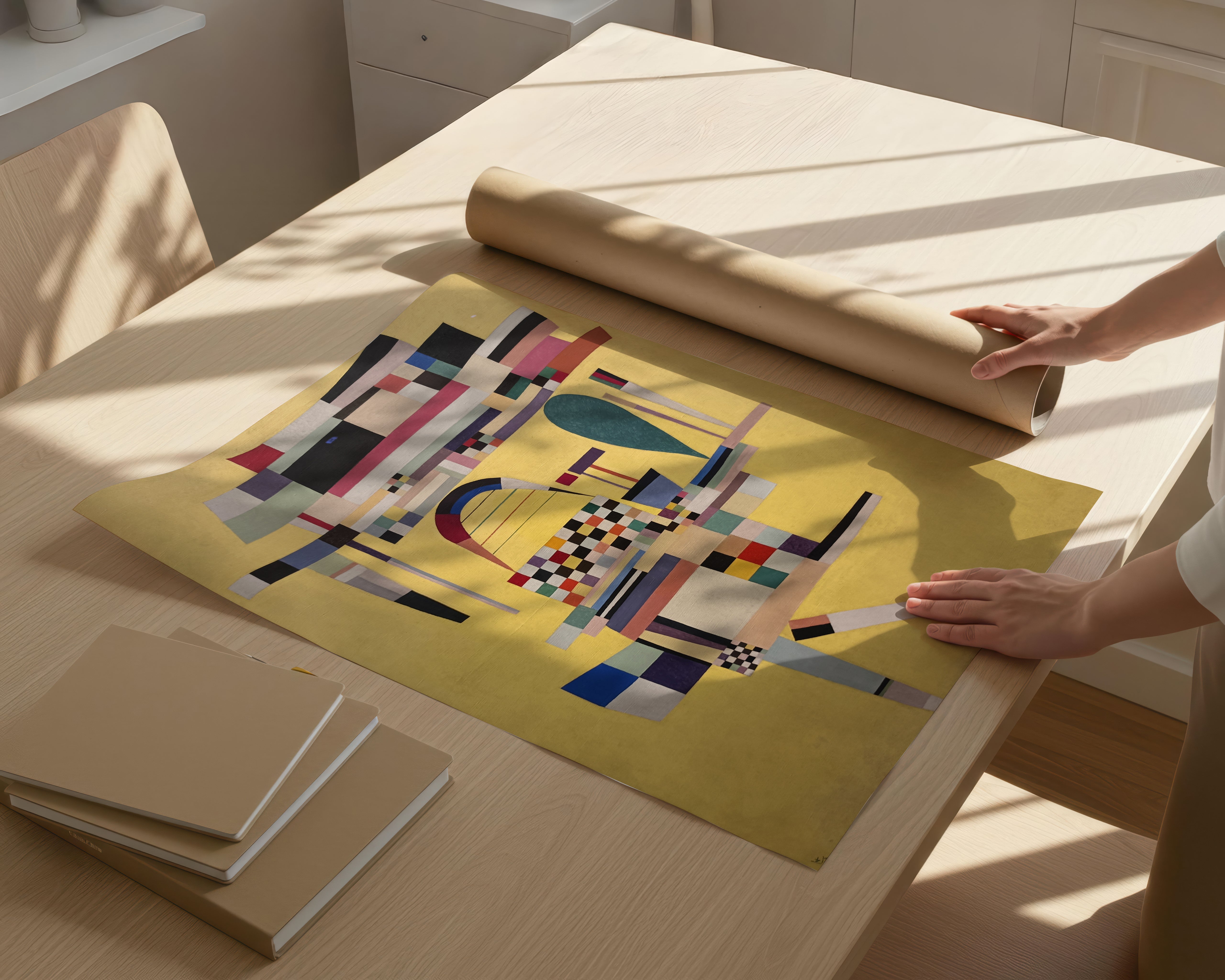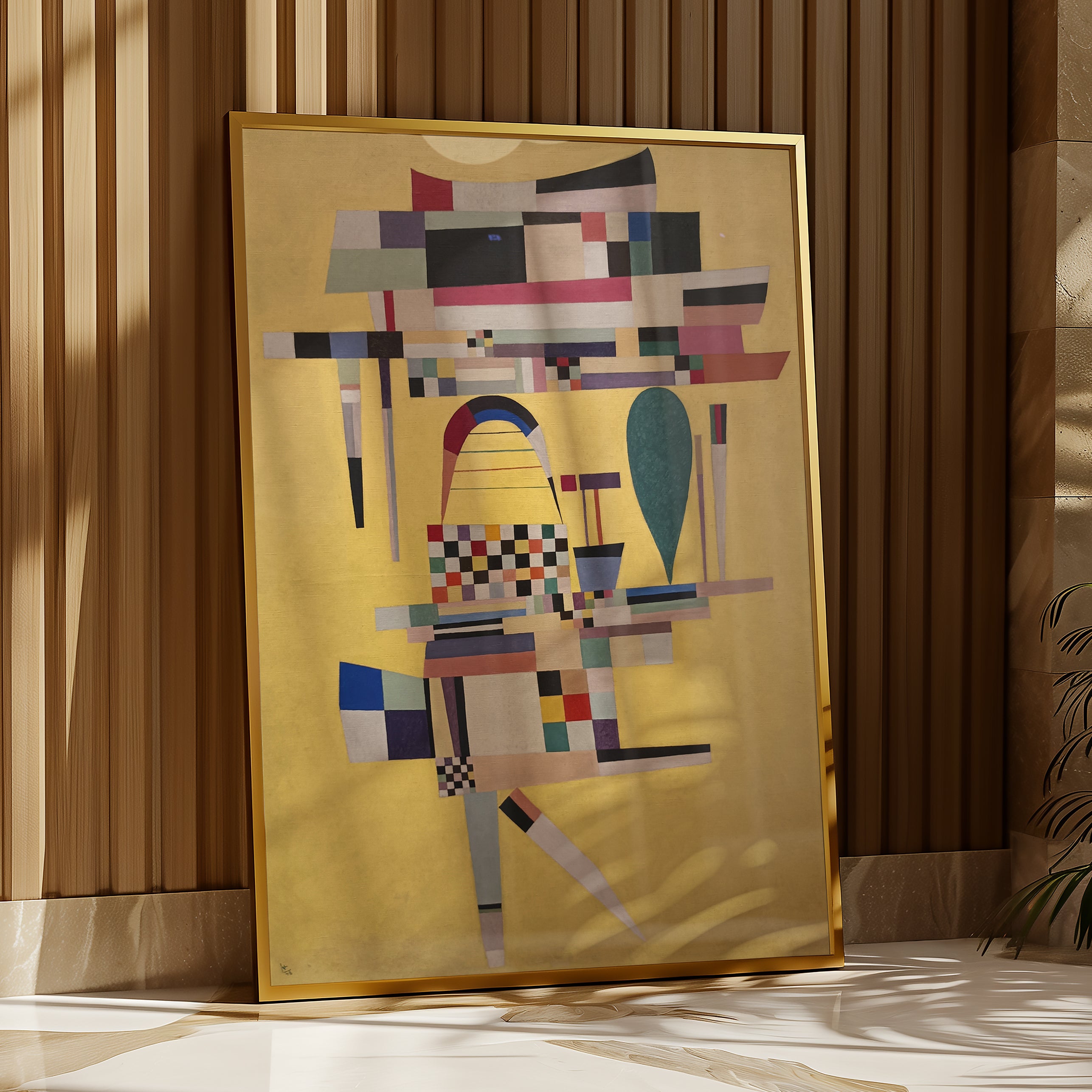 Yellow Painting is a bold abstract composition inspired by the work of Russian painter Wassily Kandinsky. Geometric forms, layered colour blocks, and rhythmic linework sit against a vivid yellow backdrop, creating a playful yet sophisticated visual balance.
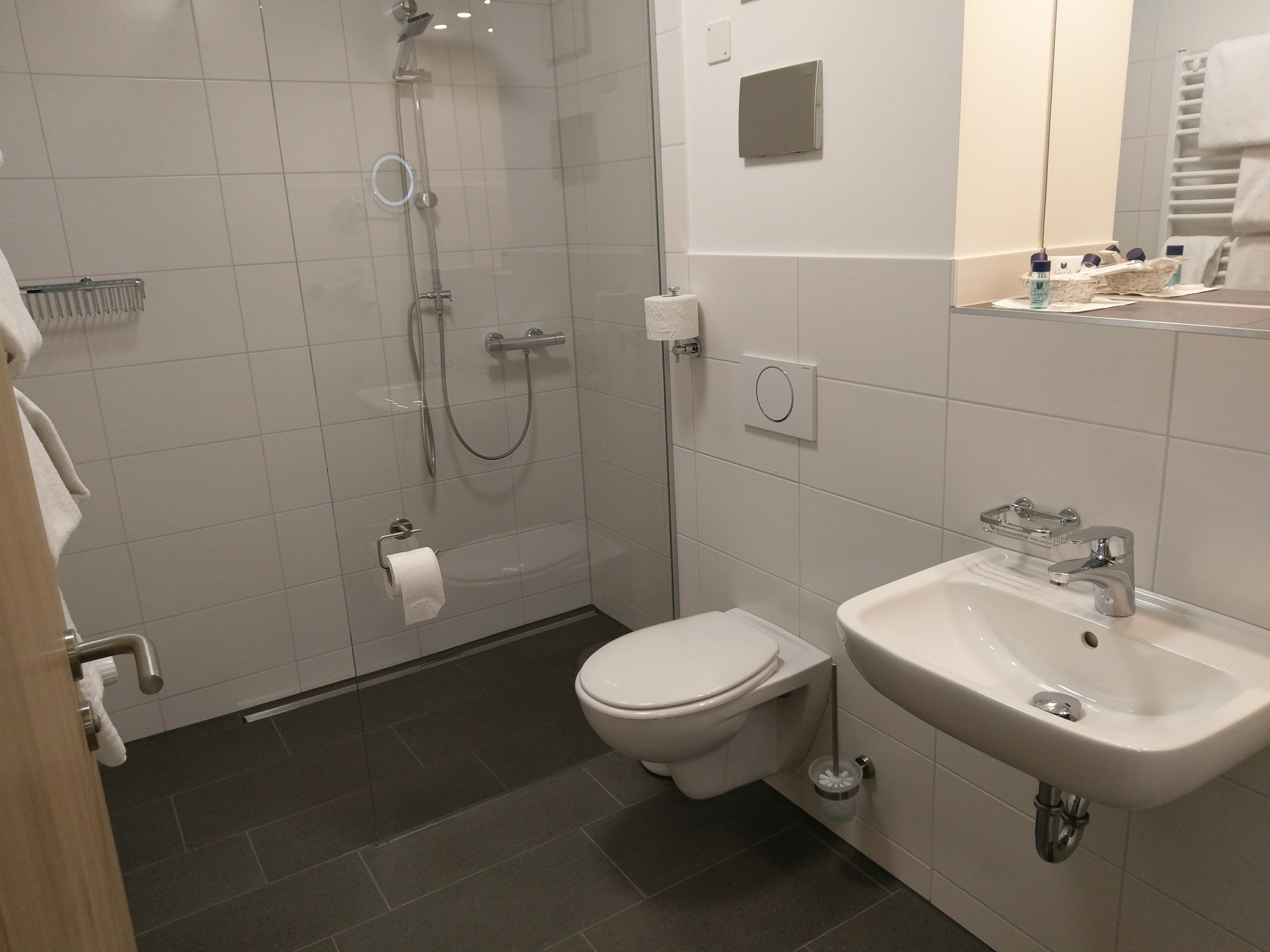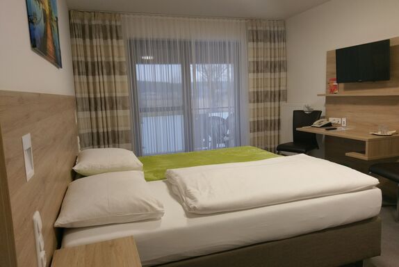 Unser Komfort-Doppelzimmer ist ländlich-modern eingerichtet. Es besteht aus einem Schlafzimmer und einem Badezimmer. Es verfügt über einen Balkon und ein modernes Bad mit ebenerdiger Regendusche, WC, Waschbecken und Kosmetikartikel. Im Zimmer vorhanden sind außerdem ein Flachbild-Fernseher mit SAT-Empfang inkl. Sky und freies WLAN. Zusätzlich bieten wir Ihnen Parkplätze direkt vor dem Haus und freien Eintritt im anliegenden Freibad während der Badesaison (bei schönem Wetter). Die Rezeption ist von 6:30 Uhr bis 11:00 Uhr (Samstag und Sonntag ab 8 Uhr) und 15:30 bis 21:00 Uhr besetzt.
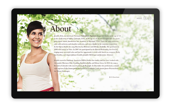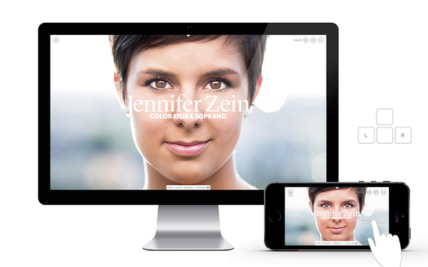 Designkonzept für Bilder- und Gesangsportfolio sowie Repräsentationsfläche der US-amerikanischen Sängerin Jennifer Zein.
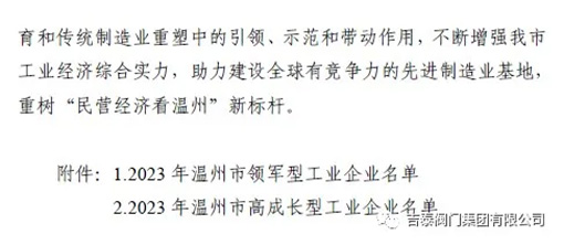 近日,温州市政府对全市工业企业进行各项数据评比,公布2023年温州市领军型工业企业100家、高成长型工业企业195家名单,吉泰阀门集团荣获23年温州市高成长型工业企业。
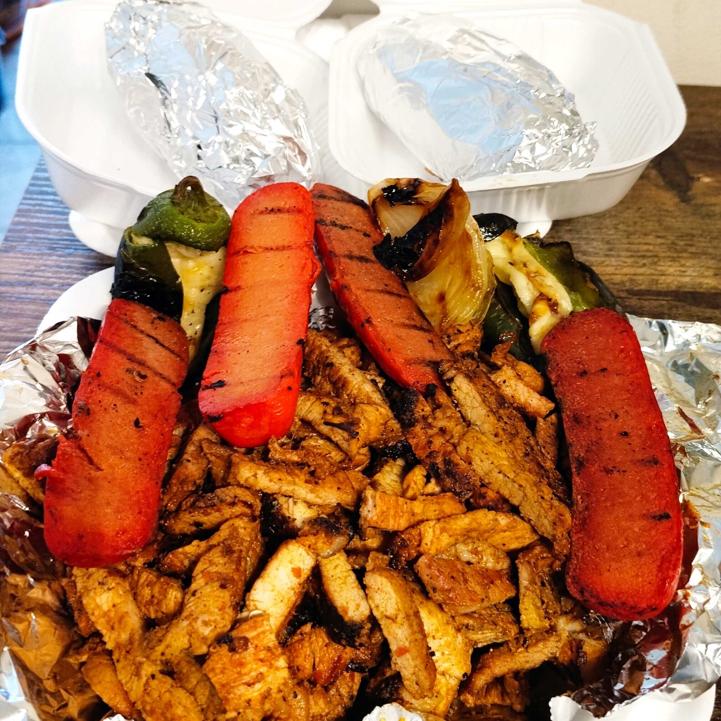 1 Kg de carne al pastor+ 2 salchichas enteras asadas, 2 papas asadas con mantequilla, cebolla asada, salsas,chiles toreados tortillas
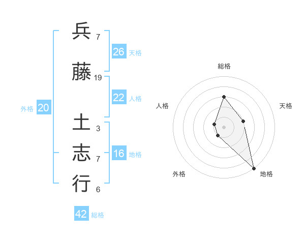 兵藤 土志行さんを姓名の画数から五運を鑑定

__________________________________________________

* _PROBLEM REQUIREMENTS_:
The listing should be transcribed exactly. No picture is to appear in the transcription.

* _ANSWER SPACE_:
 Yellow Painting is a bold abstract composition inspired by the work of Russian painter Wassily Kandinsky. Geometric forms, layered colour blocks, and rhythmic linework sit against a vivid yellow backdrop, creating a playful yet sophisticated visual balance.
 Unser Komfort-Doppelzimmer ist ländlich-modern eingerichtet. Es besteht aus einem Schlafzimmer und einem Badezimmer. Es verfügt über einen Balkon und ein modernes Bad mit ebenerdiger Regendusche, WC, Waschbecken und Kosmetikartikel. Im Zimmer vorhanden sind außerdem ein Flachbild-Fernseher mit SAT-Empfang inkl. Sky und freies WLAN. Zusätzlich bieten wir Ihnen Parkplätze direkt vor dem Haus und freien Eintritt im anliegenden Freibad während der Badesaison (bei schönem Wetter). Die Rezeption ist von 6:30 Uhr bis 11:00 Uhr (Samstag und Sonntag ab 8 Uhr) und 15:30 bis 21:00 Uhr besetzt.
 Designkonzept für Bilder- und Gesangsportfolio sowie Repräsentationsfläche der US-amerikanischen Sängerin Jennifer Zein.
 近日,温州市政府对全市工业企业进行各项数据评比,公布2023年温州市领军型工业企业100家、高成长型工业企业195家名单,吉泰阀门集团荣获23年温州市高成长型工业企业。
 1 Kg de carne al pastor+ 2 salchichas enteras asadas, 2 papas asadas con mantequilla, cebolla asada, salsas,chiles toreados tortillas
 兵藤 土志行さんを姓名の画数から五運を鑑定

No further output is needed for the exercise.